Output a character-exact copy of the data, images removed.

Start of DATA EXCERPT

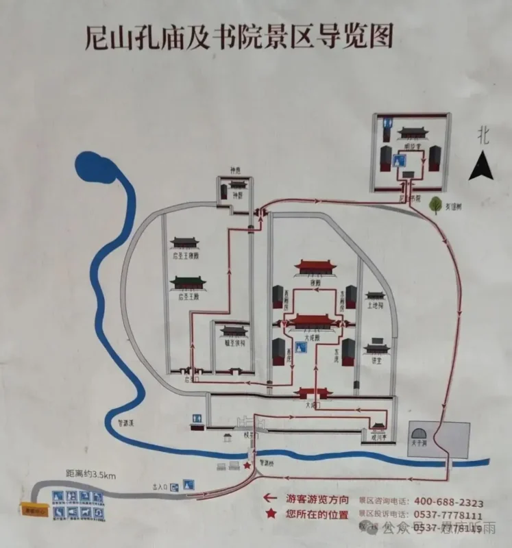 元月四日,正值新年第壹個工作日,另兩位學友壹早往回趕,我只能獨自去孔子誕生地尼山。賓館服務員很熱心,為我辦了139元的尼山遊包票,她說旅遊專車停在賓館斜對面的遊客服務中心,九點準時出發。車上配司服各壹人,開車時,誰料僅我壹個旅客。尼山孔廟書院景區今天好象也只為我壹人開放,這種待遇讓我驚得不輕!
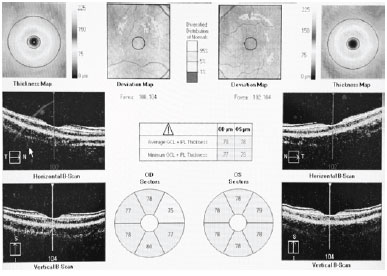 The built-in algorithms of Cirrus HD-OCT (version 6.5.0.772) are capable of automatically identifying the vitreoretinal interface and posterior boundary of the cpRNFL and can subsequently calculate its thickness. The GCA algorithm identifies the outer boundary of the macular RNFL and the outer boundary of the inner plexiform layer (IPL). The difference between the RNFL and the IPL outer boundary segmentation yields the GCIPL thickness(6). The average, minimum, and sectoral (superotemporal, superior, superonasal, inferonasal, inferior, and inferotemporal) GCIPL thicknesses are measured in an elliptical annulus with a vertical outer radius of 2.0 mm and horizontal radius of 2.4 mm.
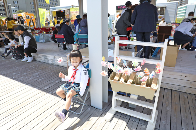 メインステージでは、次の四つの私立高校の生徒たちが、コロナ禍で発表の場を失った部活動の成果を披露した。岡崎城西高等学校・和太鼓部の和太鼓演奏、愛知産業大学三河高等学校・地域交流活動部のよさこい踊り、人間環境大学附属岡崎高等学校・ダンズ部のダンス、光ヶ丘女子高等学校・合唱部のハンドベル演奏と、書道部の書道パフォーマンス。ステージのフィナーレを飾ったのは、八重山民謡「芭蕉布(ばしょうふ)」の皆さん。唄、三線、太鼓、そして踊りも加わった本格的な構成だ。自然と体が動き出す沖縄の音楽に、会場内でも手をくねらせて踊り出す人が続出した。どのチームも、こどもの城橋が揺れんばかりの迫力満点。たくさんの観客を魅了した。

End of DATA EXCERPT

**SOLUTION TO THE PROBLEM**
 元月四日,正值新年第壹個工作日,另兩位學友壹早往回趕,我只能獨自去孔子誕生地尼山。賓館服務員很熱心,為我辦了139元的尼山遊包票,她說旅遊專車停在賓館斜對面的遊客服務中心,九點準時出發。車上配司服各壹人,開車時,誰料僅我壹個旅客。尼山孔廟書院景區今天好象也只為我壹人開放,這種待遇讓我驚得不輕!
 The built-in algorithms of Cirrus HD-OCT (version 6.5.0.772) are capable of automatically identifying the vitreoretinal interface and posterior boundary of the cpRNFL and can subsequently calculate its thickness. The GCA algorithm identifies the outer boundary of the macular RNFL and the outer boundary of the inner plexiform layer (IPL). The difference between the RNFL and the IPL outer boundary segmentation yields the GCIPL thickness(6). The average, minimum, and sectoral (superotemporal, superior, superonasal, inferonasal, inferior, and inferotemporal) GCIPL thicknesses are measured in an elliptical annulus with a vertical outer radius of 2.0 mm and horizontal radius of 2.4 mm.
 メインステージでは、次の四つの私立高校の生徒たちが、コロナ禍で発表の場を失った部活動の成果を披露した。岡崎城西高等学校・和太鼓部の和太鼓演奏、愛知産業大学三河高等学校・地域交流活動部のよさこい踊り、人間環境大学附属岡崎高等学校・ダンズ部のダンス、光ヶ丘女子高等学校・合唱部のハンドベル演奏と、書道部の書道パフォーマンス。ステージのフィナーレを飾ったのは、八重山民謡「芭蕉布(ばしょうふ)」の皆さん。唄、三線、太鼓、そして踊りも加わった本格的な構成だ。自然と体が動き出す沖縄の音楽に、会場内でも手をくねらせて踊り出す人が続出した。どのチームも、こどもの城橋が揺れんばかりの迫力満点。たくさんの観客を魅了した。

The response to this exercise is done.